World Mission Sunday
October 18, 2015
- Pope Paul VI said that: “A Church that is not missionary is dead”.
- This is true obviously. “Go and Baptise in the name of the Father and of the Son and of the Holy Spirit.”
- But he had in mind, what I had in mind in 1978, when I was first sent to Papua New Guinea. Namely, conversion and spreading the Catholic faith.
- There is value in that but this is not mission in the Church today.
- I have since been to Solomon Islands and the Pacific; Europe; China; Hong Kong; Philippines, Pakistan and Bangladesh. (and Greythorn)
- We are confronting secularisation and Islam; Materialism and Buddhism and deeply entrenched social systems that resist Christianity.
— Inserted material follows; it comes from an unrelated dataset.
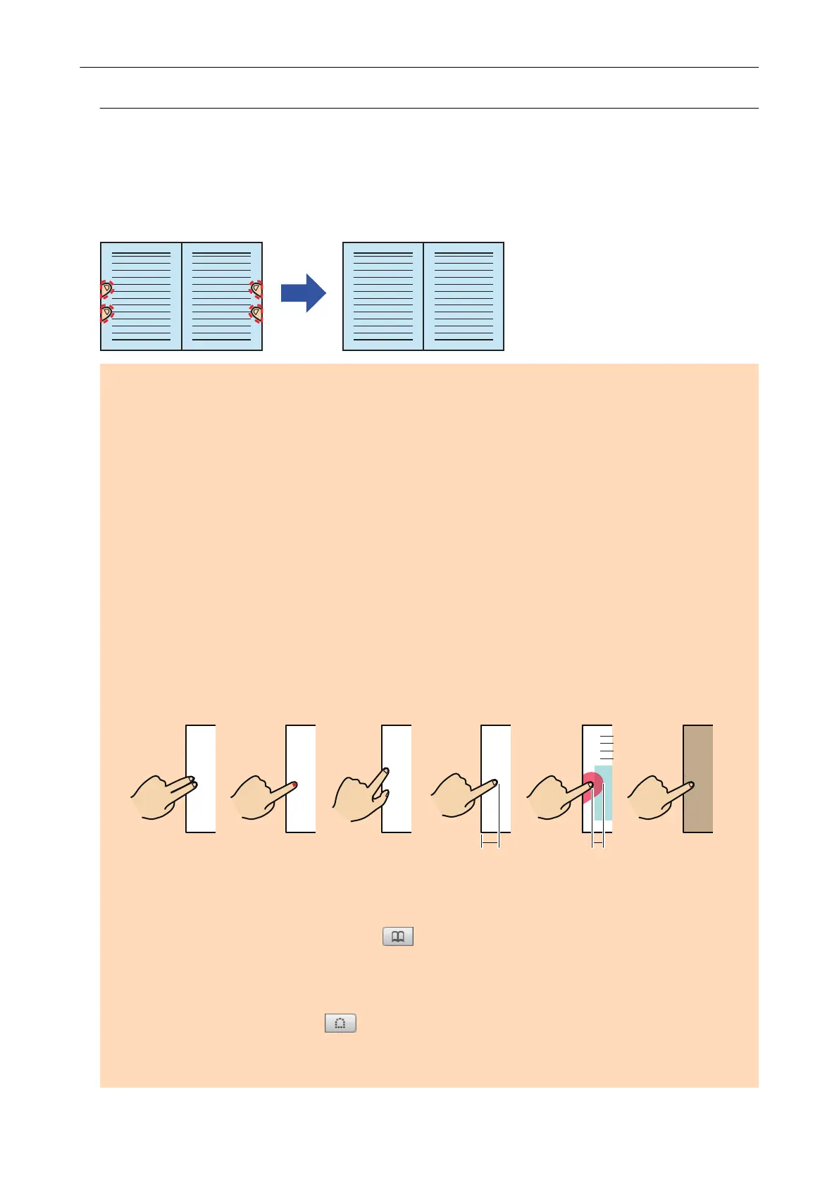 If a book is scanned in the following ways, captured fingers may not be detected correctly.

- Saint Irenaeus said that: “The glory of God is man fully alive.”
- So Mission is dialogue towards mutual enrichment and it is the ministry of development, especially health and education (the ministry of presence)
- Catholic Mission is never more urgent than now, not to be a band-aid, but to intelligently create dialogue; minister to the sick and dying and play its strongest card, education.
- There is no doubt that silence and inaction express only a hard face and lack of courage.
Dr Joe Naimo, a single dad with a disabled young daughter, sent me an Email recently on “The lucky few”.
- It read, in part, If we could shrink the earth’s population to one village of precisely 100 people, with all ratios staying the same, it would look something like the following:
- There would be 57 Asians; 21 Europeans and the rest.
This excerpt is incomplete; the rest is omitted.